I need to estimate as best as possible how long the same job will take to run on a system configured for the following processors:

http://en.wikipedia.org/wiki/Intel_Nehalem_(microarchitecture)
2 x X5570
2 x X5540 

      

and compare the cases, I will recode it using the streams available. I want to justify that we need a server with 2 x x5570 processors versus the cheaper x5540 (they support 2 processors on one motherboard). This should make available 8 cores, 16 threads (which I believe works with Nehalem chips) into the operating system. So for my application, that's 15 threads for Monte Carlo simulation.

Any ideas how to do this? Is there a site I can go to and see benchmark data for all 3 CPUS participating in one flow test? Then I can extrapolate my case and the number of threads. I have access to the current system to install and run a test if needed.

Please note that the business is also dictating the workload for this application over the next 3 months, will increase by about 20x and should be completed within 24 hours.
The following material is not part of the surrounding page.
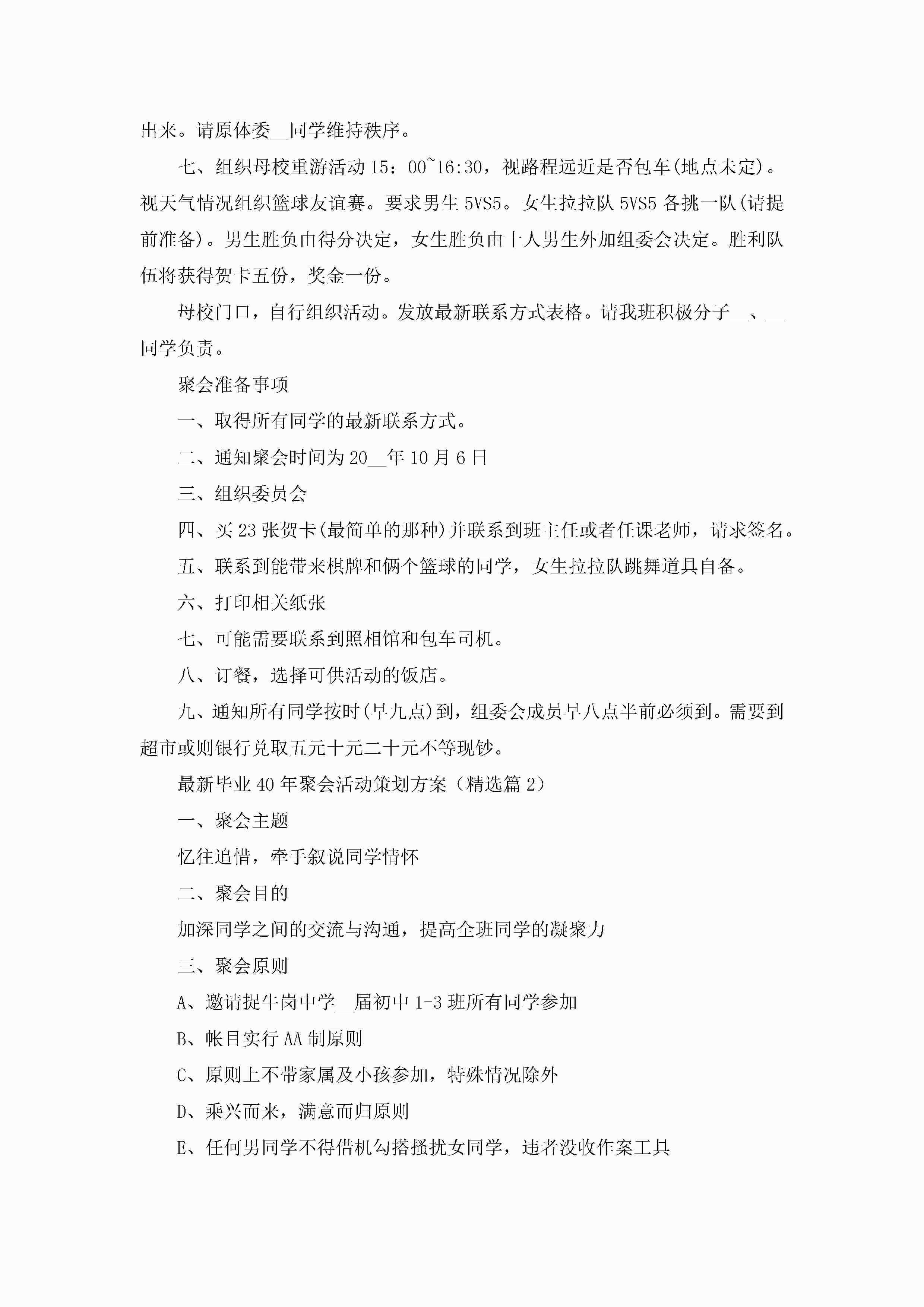 最新毕业40年聚会活动策划方案5篇jugei3月23日 01:52发布关注204 最新毕业40年聚会活动策划方案5篇此内容为付费资源,请付费后查看¥10.9 单篇文档限时特惠¥15个人会员开通企业会员开通立即下载无需登陆!可直接快捷下载单个模板付费资源© 版权声明THE ENDWord模板# 实用文档# 策划书# 工作文档# 聚会策划 如有问题,可点击最底部“联系我们”联系客服 分享QQ空间微博QQ好友海报分享复制链接收藏

Any help is greatly appreciated.

You posted this here as well: http://www.passmark.com/forum/showthread.php?t=2308 hope they can explain their benchmarking better so that I can effectively get a kernel score which would be much more helpful ...

+2


source to share


5 answers


tomshardware.com contains a comprehensive list of CPU benchmarks. However ... you can't just separate them, you need to find as close to apples as possible to compare apples to you, and you won't get it because the combination of instructions for your workload may or may not depend.

I would suggest that please don't take this official, you need real data for this, that you are probably using 1.5x - 1.75x single thread speedup if the work is cpu related and not heavily vectorized.

You also need to take into account that you are: 1) using C # and the CLR, unless you have taken steps to prevent it from being enabled and serialized. 2) nehalems have hyperthreads so you won't see perfect 16x speedup, most likely you will see speedup from 8x to 12x depending on how optimized your code is. Be optimistic here (just don't expect 16x). 3) I don't know how much competition you have, getting good scaling on 3 threads! = Good scaling on 16 threads, there can be dragons here (and usually are).

I would go around it like this:

15 hours * 3 threads / 1.5 x = 30 hours single thread working time on nehalem.

30/12 = 2.5 hours (best case)



30/8 = 3.75 hours (worst case)

implies parallel execution time if there is indeed a 20x increase: 2.5 hours * 20 = 50 hours (best case)

3.74 hours * 20 = 75 hours (worst case)

How much have you profiled, can you squeeze 2x out of the app? 1 might be enough, but most likely won't.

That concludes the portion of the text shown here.